Tuesday, August 5, 2014

Eyes of a Child


Saturday morning. Another string of beautiful summer days. Chloe and I sat outside. I put her right on the grass so she could get used to the way it feels. The wind swayed the top of the pine tree that borders the neighbor's yard back and forth, back and forth. Chloe looked at it in amazement; looked up at a puffy cloud above that drifted ever-so-slowly.

"That's a cloud," I said in my teacher/mommy voice, marveling, as I always do, at what life must be like to see everything new. Every time the wind sways the trees; every reflection and light and shadow, gives her pause.

I wonder how sweet life would be, to see that way.

I think about the paradox, the way children simultaneously make us speed up and slow down. The toddler that dawdles over every leaf and crack in the sidewalk can infuriate us or cause us to take that pudgy, sticky hand and meander. The littlest ones send us on a quest to rush through shopping before they're hungry or get home quickly because they need their nap or wolf down the restaurant meal before they get bored. Life now with three (including Chloe's extra appointments for her hip and now her flat little head) mean my old-fashioned calendar is flooded with ink. There's always somewhere to go.

Yet little ones remind us there's always time to stop...to see...to drink in this world the way they do.

The other evening after Chloe was asleep the big kids and I spread out a blanket on the lawn and watched it get dark while reading bedtime stories. This is something we'd never done, and would you believe I didn't even think of the idea? I saw it on a blog. Someone's blog. How could I have missed it?

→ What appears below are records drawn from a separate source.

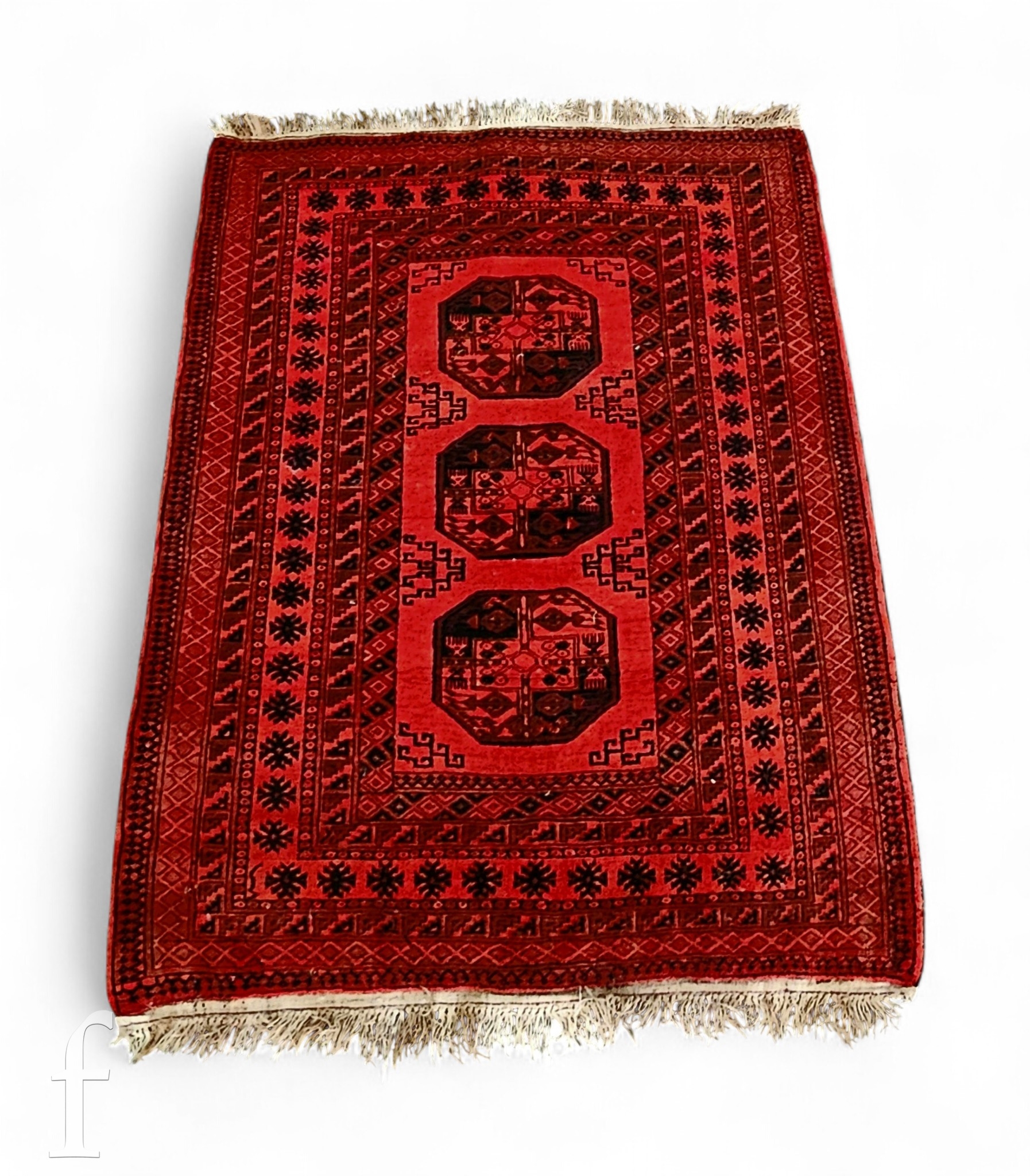 A 20th Century Afghan style rug, a row of three lozenges on a red ground, within multi border, 192cm x 140cm.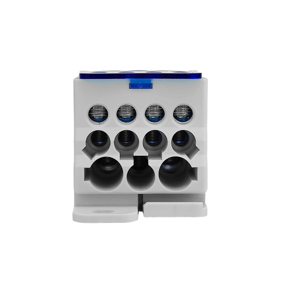 Der Verteilerblock LK DTB arbeitet mit einer Vielzahl von Geräten. Aufgrund seiner Eigenschaften eignet er sich sowohl für den Einsatz in modernen als auch in älteren Elektroinstallationen. Die beiliegende Anleitung führt den Leser übersichtlich durch die Installationsschritte. Die einfache Montage des Verteilerblocks spart Zeit und Installationskosten. Der modulare Verteilerblock LK DTB 185 dient zum Abzweigen von Leitungen mit größerem Querschnitt auf mehrere Leitungen mit kleinerem Querschnitt. Er ist in 1-poliger Ausführung mit 12 Klemmeneinheiten erhältlich. Die Schrauben können mit einem Innensechskantschlüssel und einem Schraubendreher PH 2 angezogen werden. Die Verteilerbrücken haben eine leicht zu öffnende, transparente obere Abdeckung aus blauem Kunststoff. Die Oberfläche der Schrauben, die mit dem Leiter in Berührung kommen, ist speziell modifiziert, um die Verformung des Leiters zu minimieren und gleichzeitig die Dichtigkeit so hoch wie möglich zu halten. Die Montage erfolgt auf einer Tragschiene TH 35 und entspricht EN 60947-7-1.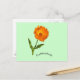 Fleur orange avec gouttes de pluie sur les pétales, texte voûté=Calendula (arrière - plan de couleur)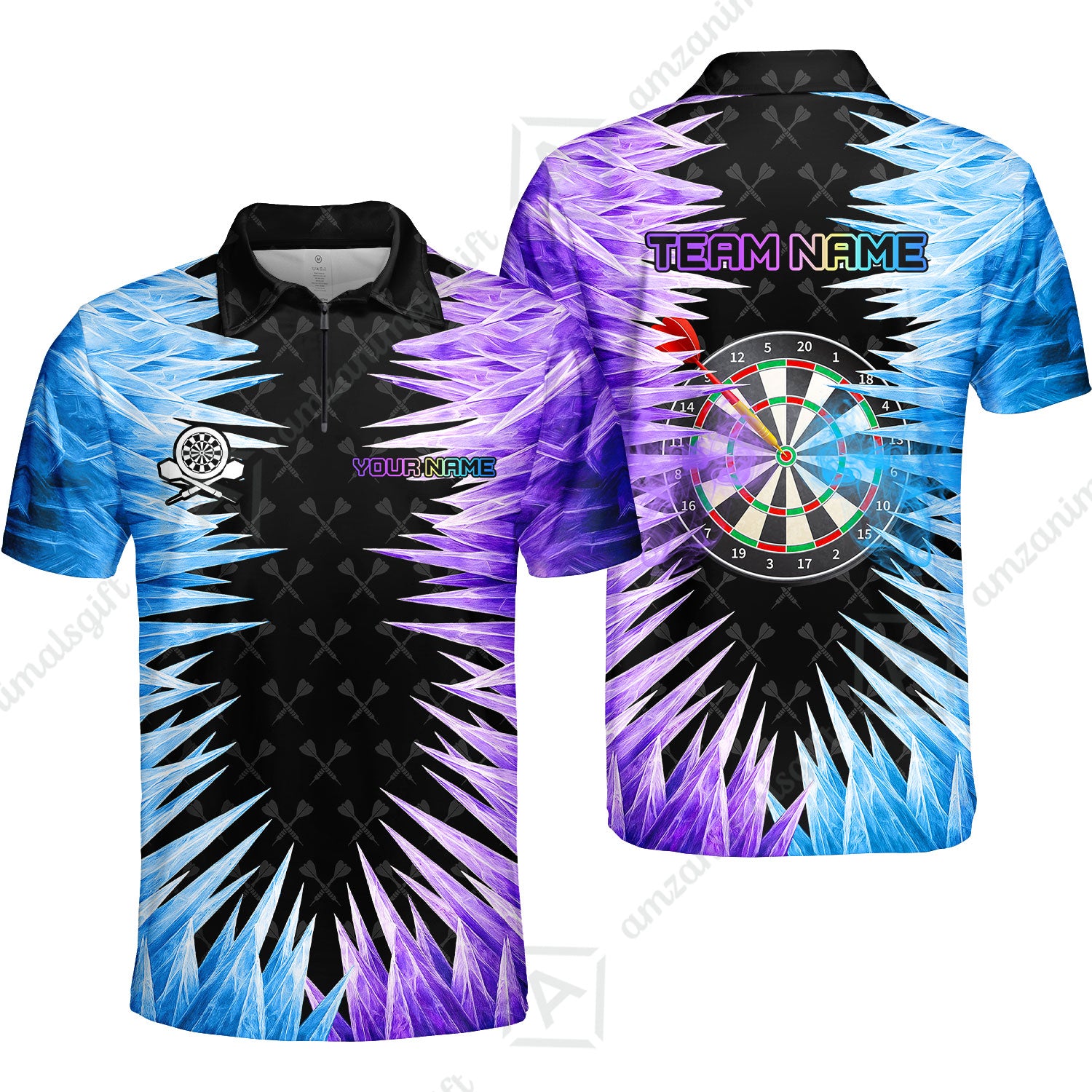 Customized Darts Quarter-Zip Polo Shirt, Darts Dartboard Ice And Fire Multicolor Team Zip Polo Jersey For Darts Players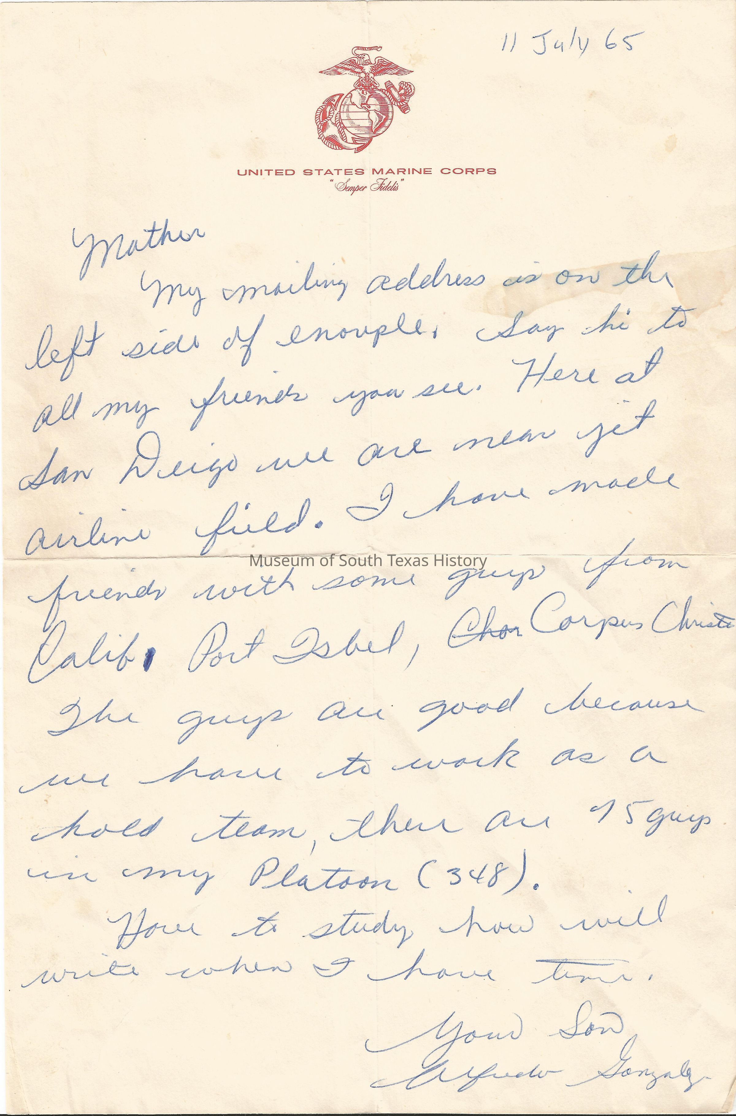 Letter dated July 11, 1965. Written by Alfredo Gonzalez to his mother DoliaCollection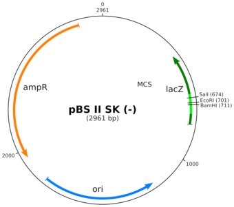 Plasmidkarte von pBSII zur Bakterien-Klonierung mittels Blau-Weiß-Screening (ampR, lacZ).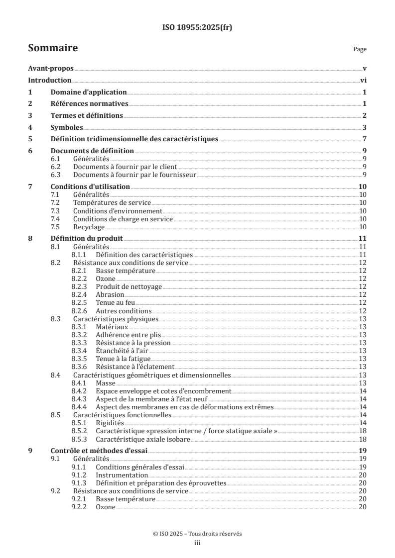ISO 18955:2025 defines the characteristics, inspection and test methods for rubber diaphragms used in pneumatic suspension springs for railway applications. It applies to diaphragms (inflated with air) fitted on railway and similar vehicles running on dedicated track systems. The standard covers diaphragm construction (elastomer, textile fabrics, metallic beads), functional and geometrical characteristics, environmental and operating conditions, and procedures for product approval and qualification. It does not cover other air-spring system components (air reservoirs, piping, levelling systems, frames, emergency or series springs), which can nevertheless influence diaphragm performance.

How could I have forgotten some of my favorite childhood moments? Winter walks with my dad over frozen streams to the old "Indian caves," where we'd roast hot dogs over a little campfire. Skipping rocks on Flying Pond. The nights we'd be outside just looking at the stars, and my dad would remind me that we were looking up at history, that the light from those stars had taken so long to reach us that they might not even be there anymore.

Our stars here are muted by the lights of Hartford, by the megalopolis that is the east coast. But they are there. And although Anna started to freak at the sight of swooping bats and Ethan kept thinking the sound of planes soaring low to land at nearby Bradley airport was thunder, for a few moments, there was quiet; there was still. And then someone saw the first star appear. Then another. I noticed my kiddos saw them first, and felt a little sad at my aging eyes. But just for a moment. Then I told them the story of the stars' light, just like my dad in another long-ago backyard. I remembered that we can always, always see like a child. If we want to.